Find two numbers that multiply to 6 and add to 5.
The solutions are x = -2 and x = -3 because the equation factors as (x + 2)(x + 3) = 0. - 3
Solve the equation x^2 - 7x + 12 = 0 by factoring.
The solutions are x = 3 and x = 4 because the equation factors as (x - 3)(x - 4) = 0. - 4
Solve the equation 2x^2 - 8 = 0.
Divide both sides by 2 before taking square roots.
The solutions are x = 2 and x = -2 because 2x^2 = 8, so x^2 = 4, and the square roots of 4 are 2 and -2. - 5
Solve the equation x^2 + 2x - 8 = 0 by factoring.
The solutions are x = 2 and x = -4 because the equation factors as (x + 4)(x - 2) = 0. - 6
Solve the equation x^2 - 6x + 5 = 0 by factoring.
Find two numbers that multiply to 5 and add to -6.
The solutions are x = 1 and x = 5 because the equation factors as (x - 1)(x - 5) = 0. - 7
Solve the equation x^2 + 4x + 1 = 0 using the quadratic formula.
The solutions are x = -2 + square root of 3 and x = -2 - square root of 3. Using the quadratic formula gives x = (-4 plus or minus square root of 16 - 4) divided by 2, which simplifies to -2 plus or minus square root of 3. - 8
Solve the equation 3x^2 - 12x = 0 by factoring.
Factor out the greatest common factor first.
The solutions are x = 0 and x = 4 because the equation factors as 3x(x - 4) = 0. - 9
Solve the equation x^2 = 16.
The solutions are x = 4 and x = -4 because both 4 squared and negative 4 squared equal 16. - 10
Write the equation x^2 - 4x - 12 = 0 in factored form and then solve it.
Find two numbers that multiply to -12 and add to -4.
The factored form is (x - 6)(x + 2) = 0, so the solutions are x = 6 and x = -2. - 11
For the quadratic y = x^2 - 6x + 8, find the x-intercepts by solving x^2 - 6x + 8 = 0.
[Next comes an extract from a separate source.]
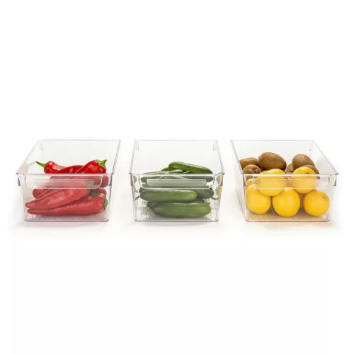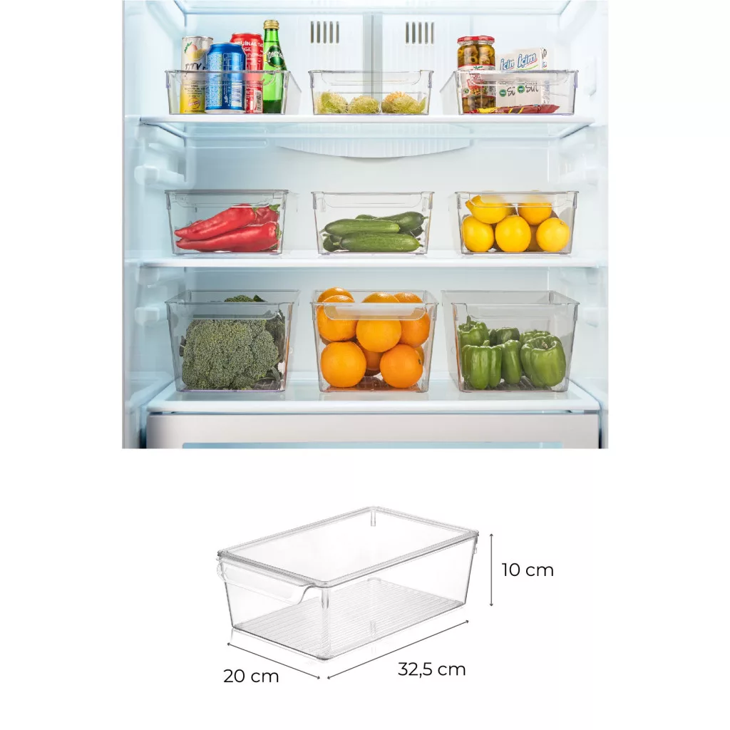 Hűtőszekrény-szervező készletünk elegáns, átlátszó kialakítású, így könnyen láthatja az egyes tárolók tartalmát. Nincs többé találgatás vagy időpocsékolás a megfoghatatlan üveg savanyúság keresésére! az átlátszó szín eleganciát kölcsönöz a hűtőszekrényének, tiszta és rendezett megjelenést kölcsönözve neki.

The x-intercepts are x = 2 and x = 4 because the equation factors as (x - 2)(x - 4) = 0. The intercept points are (2, 0) and (4, 0). - 12
Find the vertex of y = x^2 - 4x + 7.
Use x = -b divided by 2a to find the x-coordinate of the vertex.
The vertex is (2, 3). Completing the square gives y = (x - 2)^2 + 3, so the vertex is at x = 2 and y = 3. - 13
Solve the equation x^2 + 10x + 25 = 0.
The solution is x = -5. This is a repeated solution because the equation factors as (x + 5)^2 = 0. - 14
Determine the number of real solutions for the equation x^2 + 2x + 5 = 0.
Use the discriminant to decide how many real solutions there are.
The equation has no real solutions because the discriminant is b^2 - 4ac = 4 - 20 = -16, which is negative. - 15
A ball is launched upward and its height is modeled by h = -16t^2 + 48t. Find the times when the ball is on the ground.
The ball is on the ground at t = 0 seconds and t = 3 seconds because setting h = 0 gives -16t^2 + 48t = 0, which factors as -16t(t - 3) = 0.